Exercise instructions | From the line with "Dieses Infrarot Stirnthermometer" to the line with "- Swarovski taş", output every line below exactly, both ends included. Skip the pictures.

Dataset content |
>>>
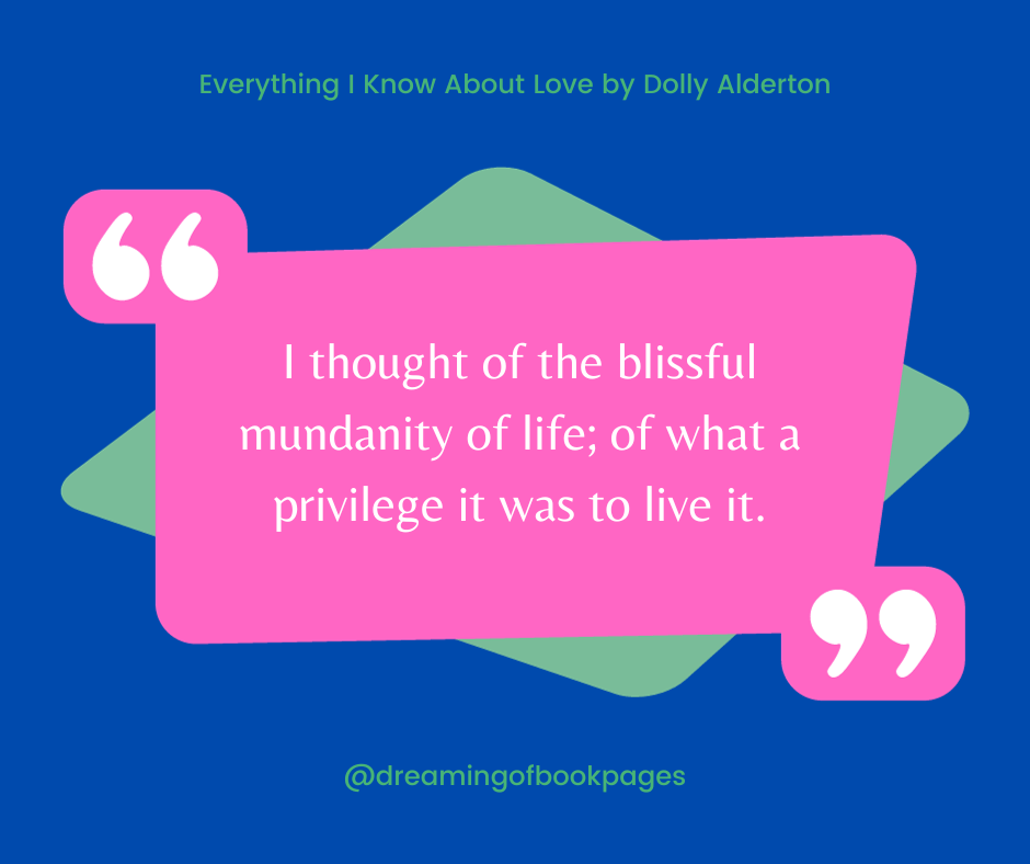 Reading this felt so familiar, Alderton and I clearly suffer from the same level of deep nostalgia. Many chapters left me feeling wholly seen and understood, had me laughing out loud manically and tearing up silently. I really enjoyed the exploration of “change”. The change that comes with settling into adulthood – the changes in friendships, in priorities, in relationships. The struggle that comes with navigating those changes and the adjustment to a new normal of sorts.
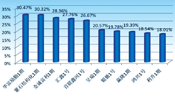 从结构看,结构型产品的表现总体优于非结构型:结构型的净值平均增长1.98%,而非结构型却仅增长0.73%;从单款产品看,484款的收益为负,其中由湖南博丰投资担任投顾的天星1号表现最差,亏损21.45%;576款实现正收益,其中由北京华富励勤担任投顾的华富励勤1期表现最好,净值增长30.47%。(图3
<<<
>>>
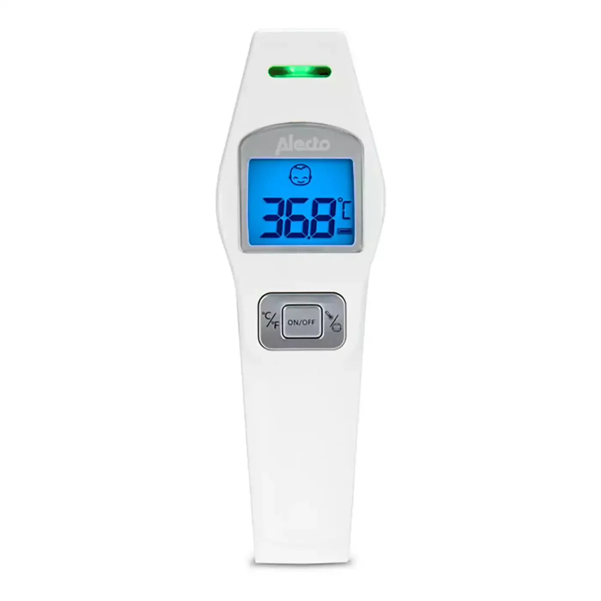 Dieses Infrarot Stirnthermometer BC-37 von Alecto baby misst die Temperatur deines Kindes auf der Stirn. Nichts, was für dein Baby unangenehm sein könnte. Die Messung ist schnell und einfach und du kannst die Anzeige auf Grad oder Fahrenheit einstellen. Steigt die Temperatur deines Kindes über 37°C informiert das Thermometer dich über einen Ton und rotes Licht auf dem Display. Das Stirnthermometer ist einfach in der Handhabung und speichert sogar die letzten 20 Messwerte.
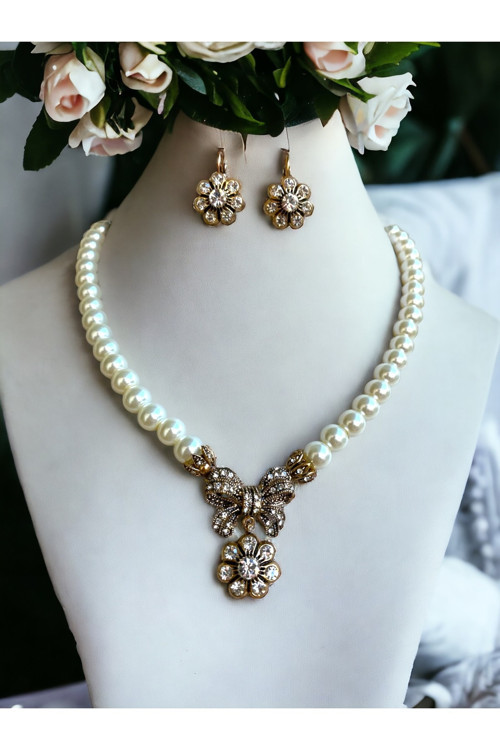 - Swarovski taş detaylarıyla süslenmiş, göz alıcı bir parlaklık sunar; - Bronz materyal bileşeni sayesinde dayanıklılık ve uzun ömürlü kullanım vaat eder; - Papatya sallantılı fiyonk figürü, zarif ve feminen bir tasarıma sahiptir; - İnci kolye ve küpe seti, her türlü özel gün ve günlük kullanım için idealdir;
<<<
Answer to the problem |
 Dieses Infrarot Stirnthermometer BC-37 von Alecto baby misst die Temperatur deines Kindes auf der Stirn. Nichts, was für dein Baby unangenehm sein könnte. Die Messung ist schnell und einfach und du kannst die Anzeige auf Grad oder Fahrenheit einstellen. Steigt die Temperatur deines Kindes über 37°C informiert das Thermometer dich über einen Ton und rotes Licht auf dem Display. Das Stirnthermometer ist einfach in der Handhabung und speichert sogar die letzten 20 Messwerte.
 - Swarovski taş detaylarıyla süslenmiş, göz alıcı bir parlaklık sunar; - Bronz materyal bileşeni sayesinde dayanıklılık ve uzun ömürlü kullanım vaat eder; - Papatya sallantılı fiyonk figürü, zarif ve feminen bir tasarıma sahiptir; - İnci kolye ve küpe seti, her türlü özel gün ve günlük kullanım için idealdir;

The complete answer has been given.